• **Problem**
Your job is to print, exactly, the lines in the data below from the line with "The Emprasa Commercial" through the line with "- DESIGN: Luxurious", both included, and to omit any picture.

• **Working data**
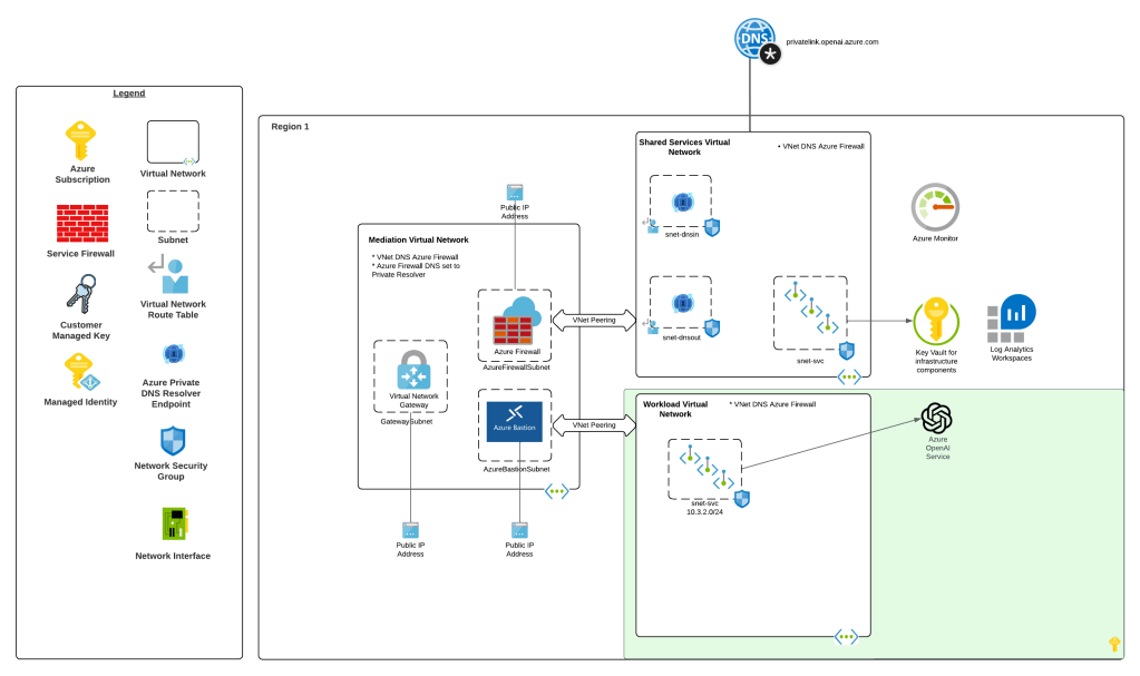 Way back in 2023 the hype behind generative AI really started go insane. Microsoft managed to negotiate rights to host OpenAI’s models in Azure and introduced the Azure OpenAI Service. The demand across customers was insane where every business unit (BU) wanted it yesterday. Microsoft initially offered the service within the Cognitive Services framework under the Cognitive Services resource provider. This mean it inherited many of the controls native to Cognitive Services which included Private Endpoints, a limited set of outbound controls, support for API key and Entra ID authentication, and support for Azure RBAC for authorization. Getting the deployed was pretty straightforward with the hold-ups to deployment being more concerns about LLM security in general. Deployment typically looked like the architecture below.
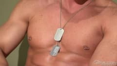 O militar Cavin Knight está no quartel e aproveita o fato de estar sozinho para se masturbar. Ele fica de costas para mostrar sua bunda aberta.
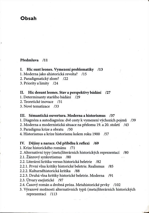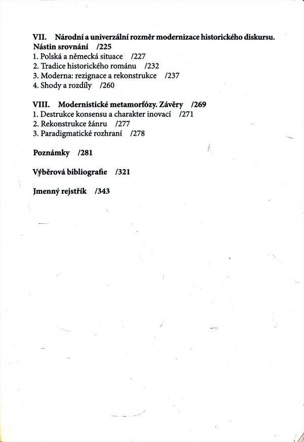 Předmětem této literárněhistorické studie je krize historismu, včetně logického nástupu moderny na rozhraní 19. a 20. století. Autorka zkoumá tuto problematiku velmi detailně na praktických příkladech. Součástí publikace je hutný poznámkový aparát, včetně jmenného rejstříku.
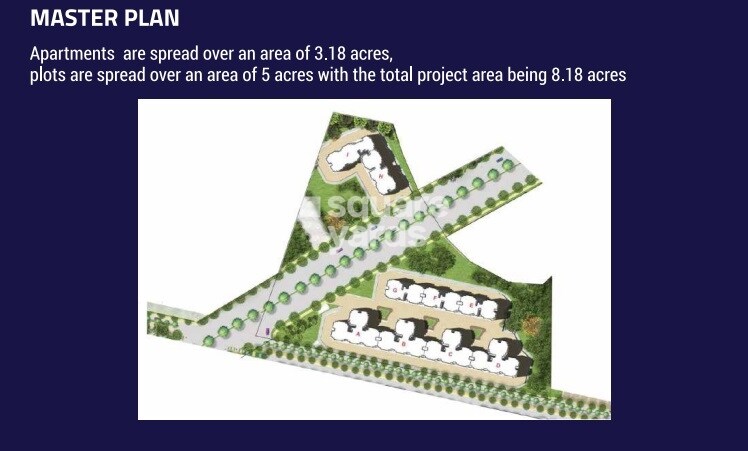 The Emprasa Commercial master plan outlines a development spanning a total area of 8.18 acres. This comprises 3.18 acres dedicated to apartments and 5 acres designated for plots.
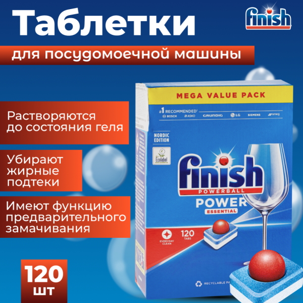 Finish Powerball/All in 1 Power Essential Таблетки для посудомоечных машин 120шт
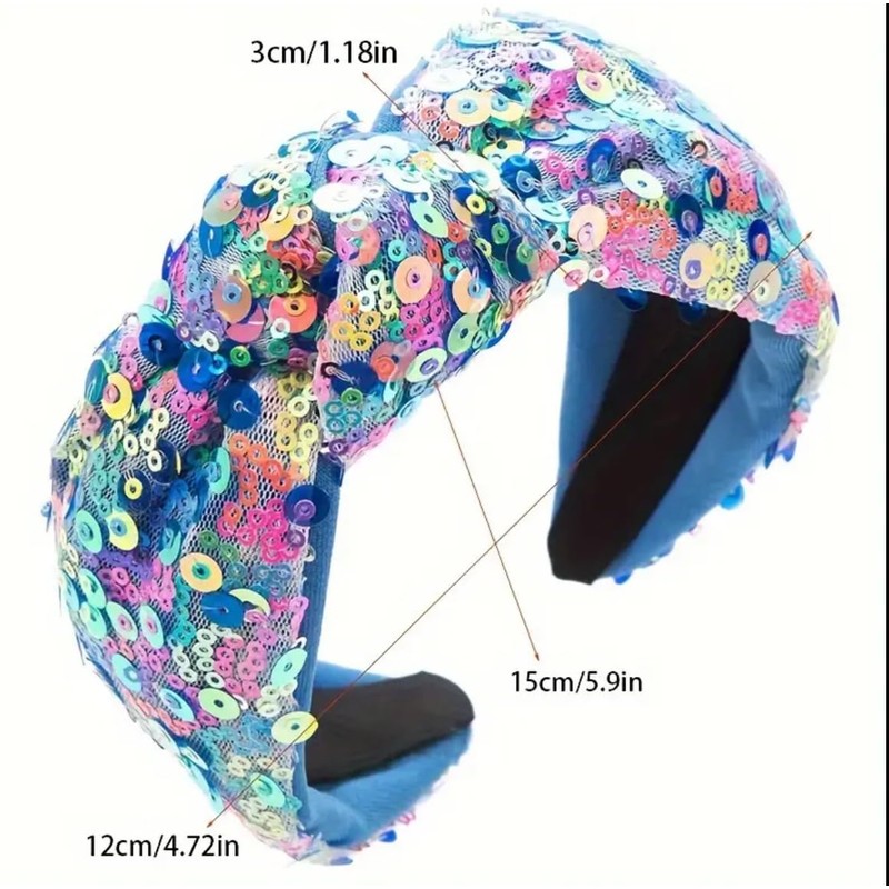 - DESIGN: Luxurious wide headband featuring intricate multi-colored sequin embellishments in rainbow hues across a knotted top design
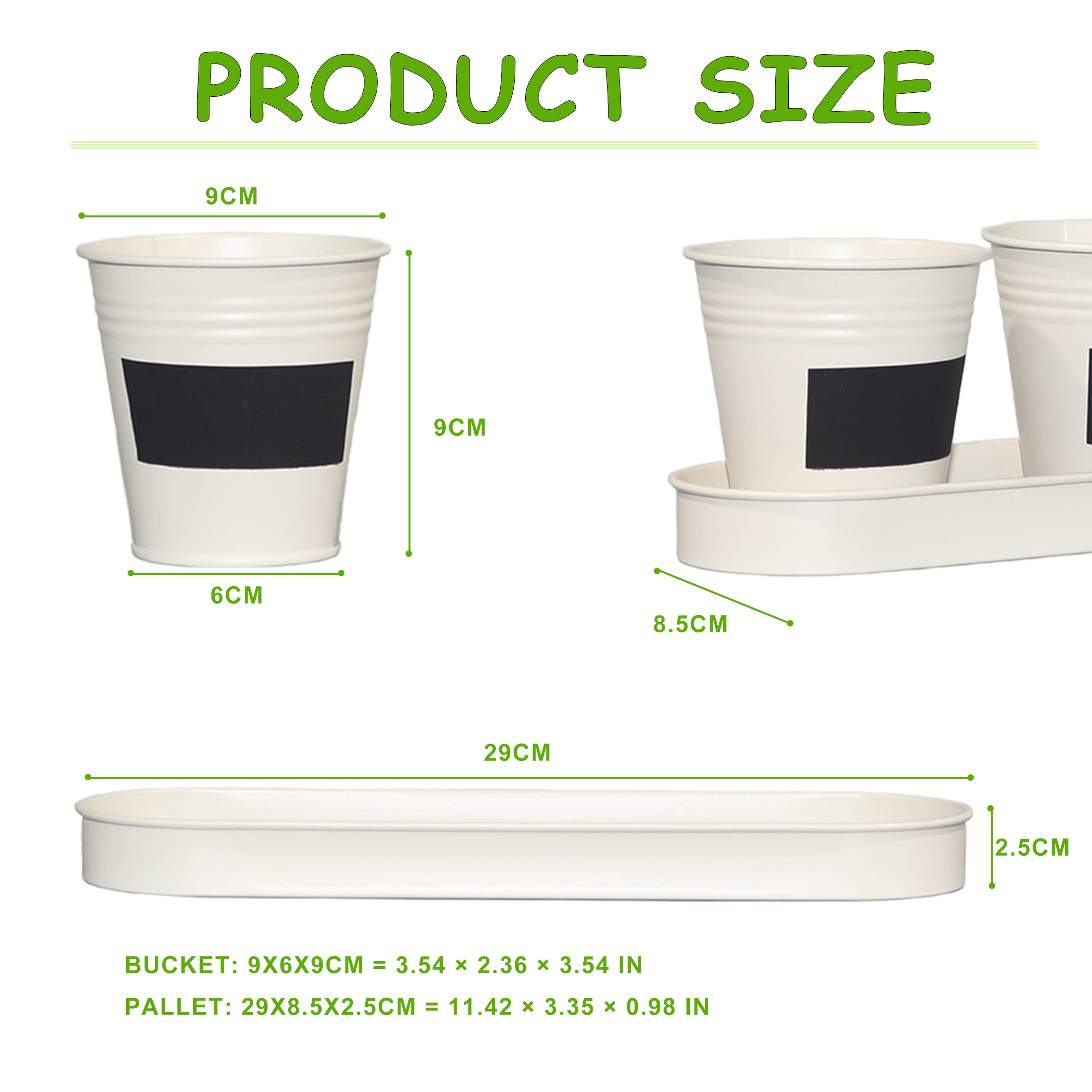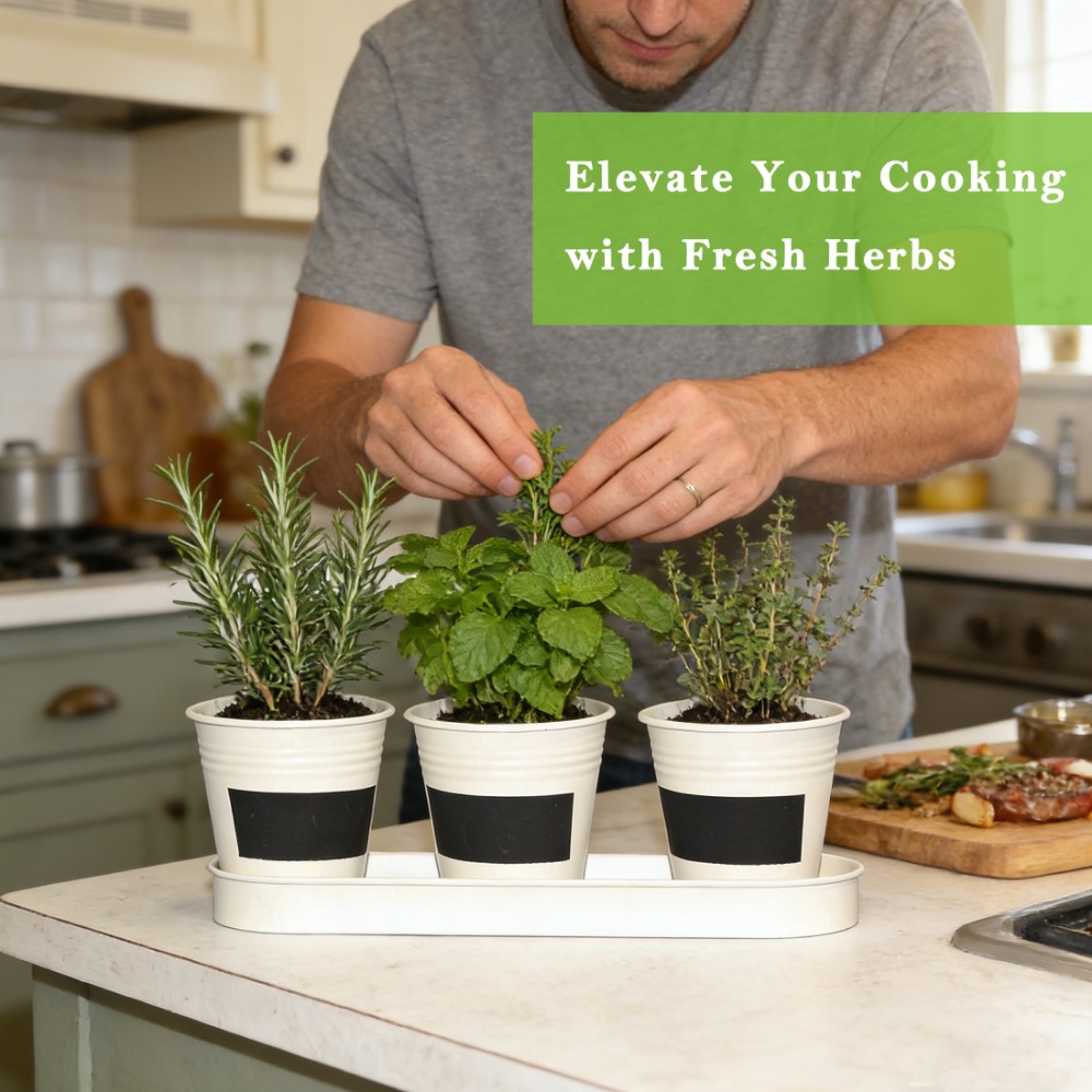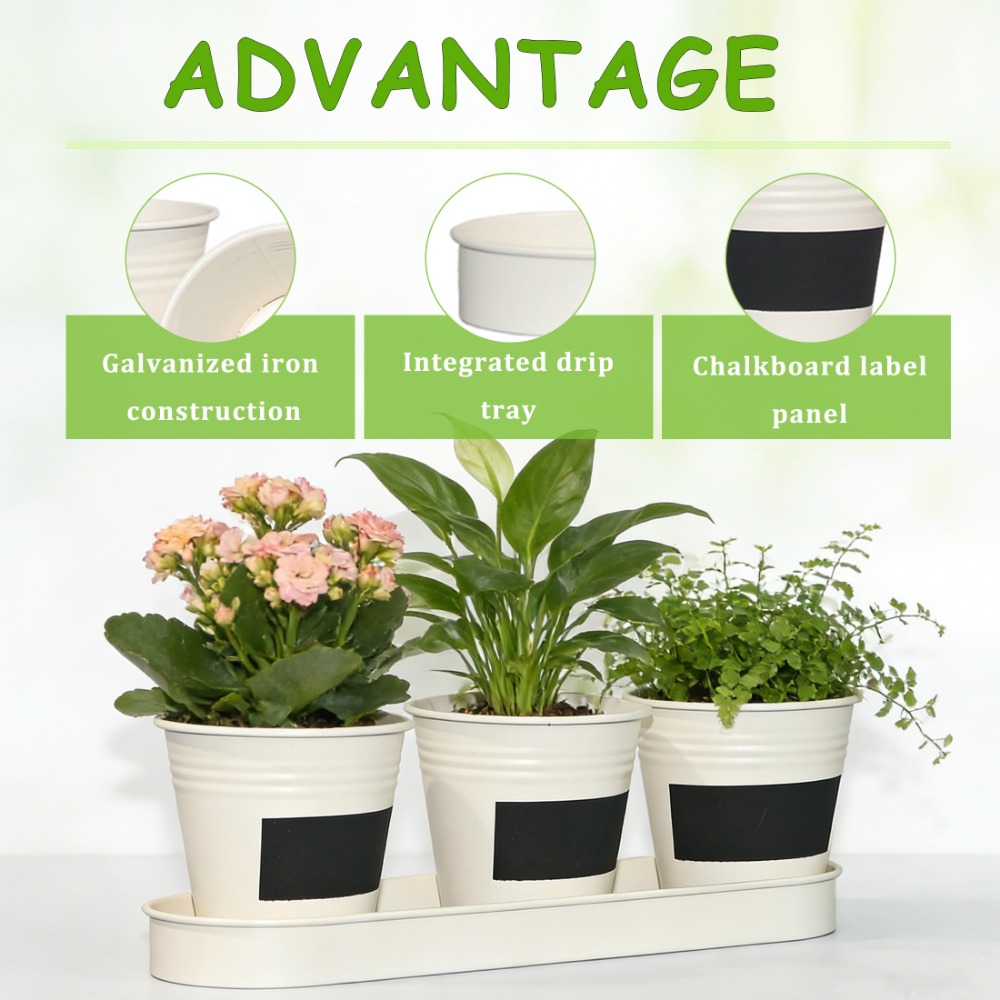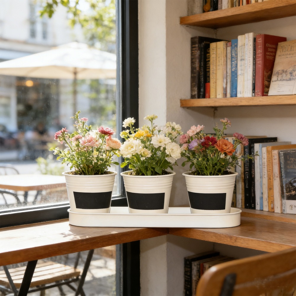 This 4W set includes 3 small metal flower pots with a matching tray, perfect for keeping your plants organized on windowsills, countertops, or desks.Available in White, Natural Metal, Grey, and Silver, easy to match different home and kitchen décor styles.Each planter comes with a black mini chalkboard in the center, ideal for labeling plants or writing small notes.Suitable for herbs, succulents, flowers, and other small indoor plants. Great for kitchen windows or tabletop decoration.

• **Written reply**
 The Emprasa Commercial master plan outlines a development spanning a total area of 8.18 acres. This comprises 3.18 acres dedicated to apartments and 5 acres designated for plots.
 Finish Powerball/All in 1 Power Essential Таблетки для посудомоечных машин 120шт
 - DESIGN: Luxurious wide headband featuring intricate multi-colored sequin embellishments in rainbow hues across a knotted top design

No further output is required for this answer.